== Data below ==

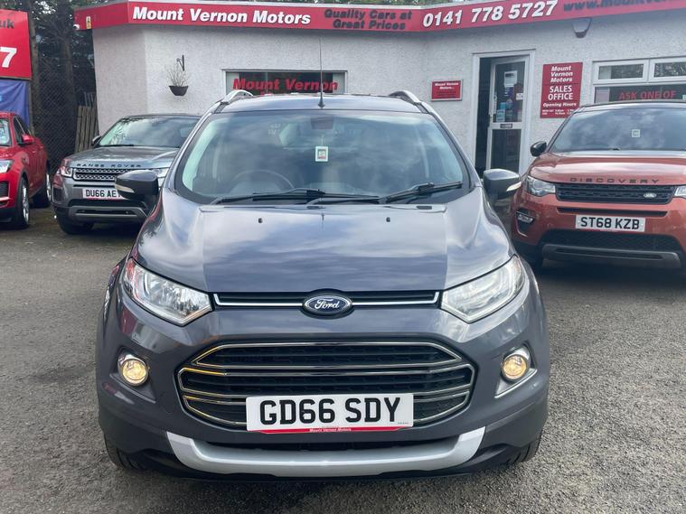 This 2016 Ford EcoSport T Titanium presents an exceptional opportunity with its remarkably low mileage of just 12, 500 miles, a significant advantage for its age. This Euro 6 compliant 1.0L petrol model boasts a clear vehicle history check and will come with a full 12 months MOT for your peace of mind. Key features include automatic headlights, a KeyFree system for effortless entry and starting, stylish 17 inch alloy wheels, and a leather steering wheel complete with remote audio controls for convenience on the go. Electronic Brakeforce Distribution (EBD) also contributes to its safe and reliable performance.The Ford EcoSport T Titanium offers impressive running costs, highlighted by its excellent fuel economy of 52 mpg, making it an economical choice for your daily journeys. Furthermore, its low CO2 emissions and low insurance group rating indicate that this vehicle is a more cost effective option compared to many others in its class. This combination of low mileage, excellent condition, and desirable features makes this EcoSport a compelling proposition..
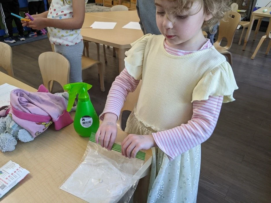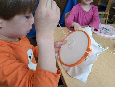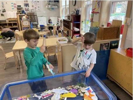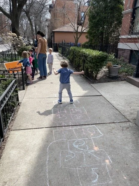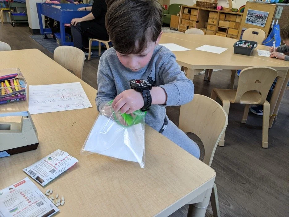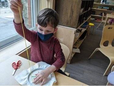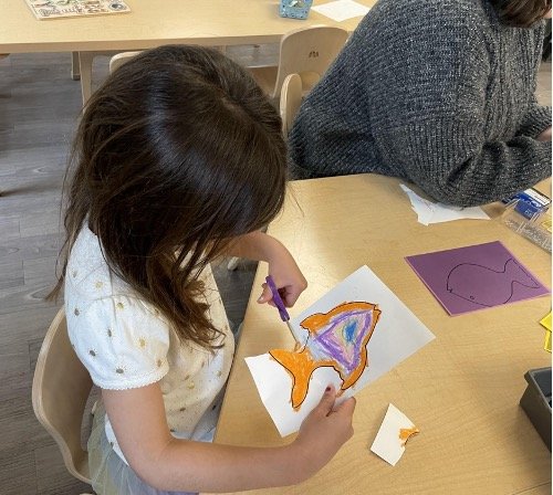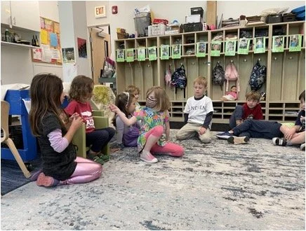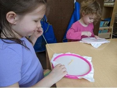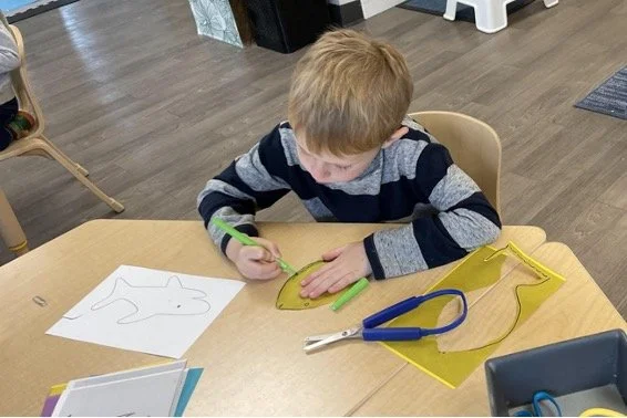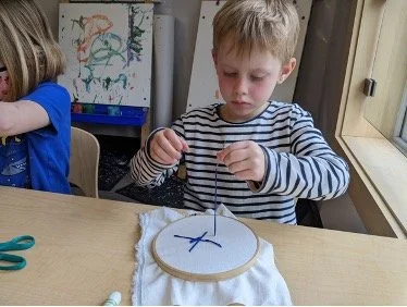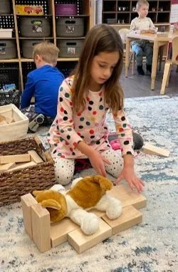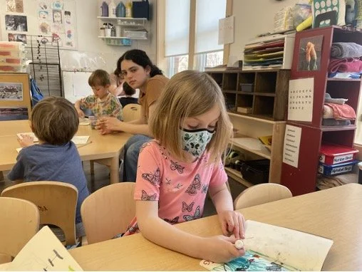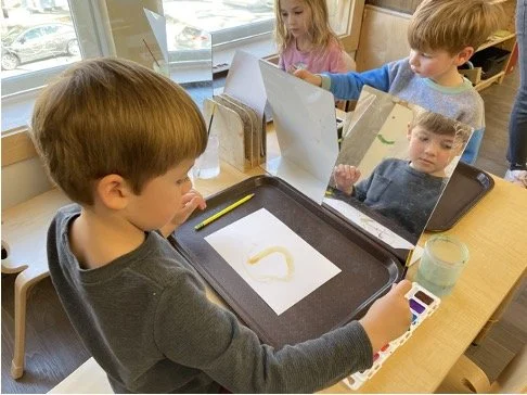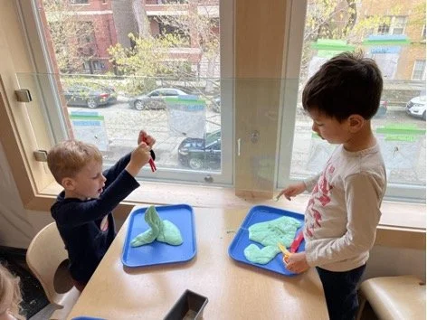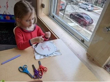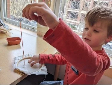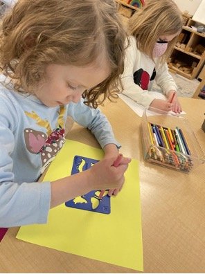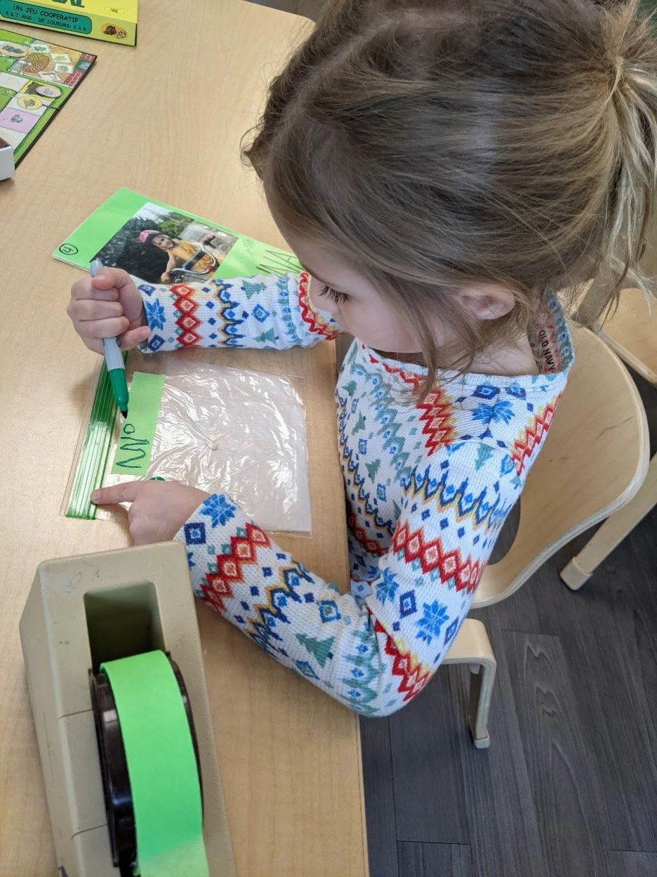 When there are days that you decide to accompany a reluctant child into the room, don't be surprised if they initially regard us with wary or even hostile looks, we may be perceived as interlopers at that moment. Just continue and take them through the motions of hanging up their coat. You can point out their picture on the name card and their cubby, both designations of their own space. This can create a concrete transitional moment from home to school.
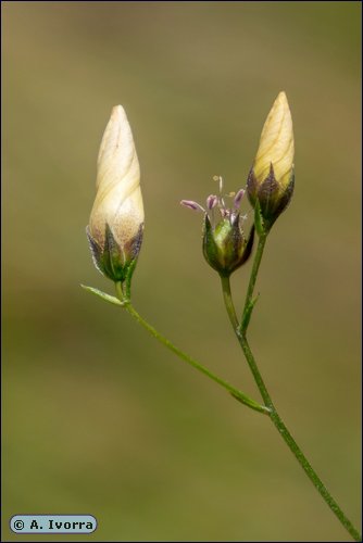 a blanquecinos. Estigmas capitados. Cápsula igual o algo mayor que los sépalos,

== Directions ==
Give back the whole listing exactly, without pictures.

== Exercise response ==
 This 2016 Ford EcoSport T Titanium presents an exceptional opportunity with its remarkably low mileage of just 12, 500 miles, a significant advantage for its age. This Euro 6 compliant 1.0L petrol model boasts a clear vehicle history check and will come with a full 12 months MOT for your peace of mind. Key features include automatic headlights, a KeyFree system for effortless entry and starting, stylish 17 inch alloy wheels, and a leather steering wheel complete with remote audio controls for convenience on the go. Electronic Brakeforce Distribution (EBD) also contributes to its safe and reliable performance.The Ford EcoSport T Titanium offers impressive running costs, highlighted by its excellent fuel economy of 52 mpg, making it an economical choice for your daily journeys. Furthermore, its low CO2 emissions and low insurance group rating indicate that this vehicle is a more cost effective option compared to many others in its class. This combination of low mileage, excellent condition, and desirable features makes this EcoSport a compelling proposition..
 When there are days that you decide to accompany a reluctant child into the room, don't be surprised if they initially regard us with wary or even hostile looks, we may be perceived as interlopers at that moment. Just continue and take them through the motions of hanging up their coat. You can point out their picture on the name card and their cubby, both designations of their own space. This can create a concrete transitional moment from home to school.
 a blanquecinos. Estigmas capitados. Cápsula igual o algo mayor que los sépalos,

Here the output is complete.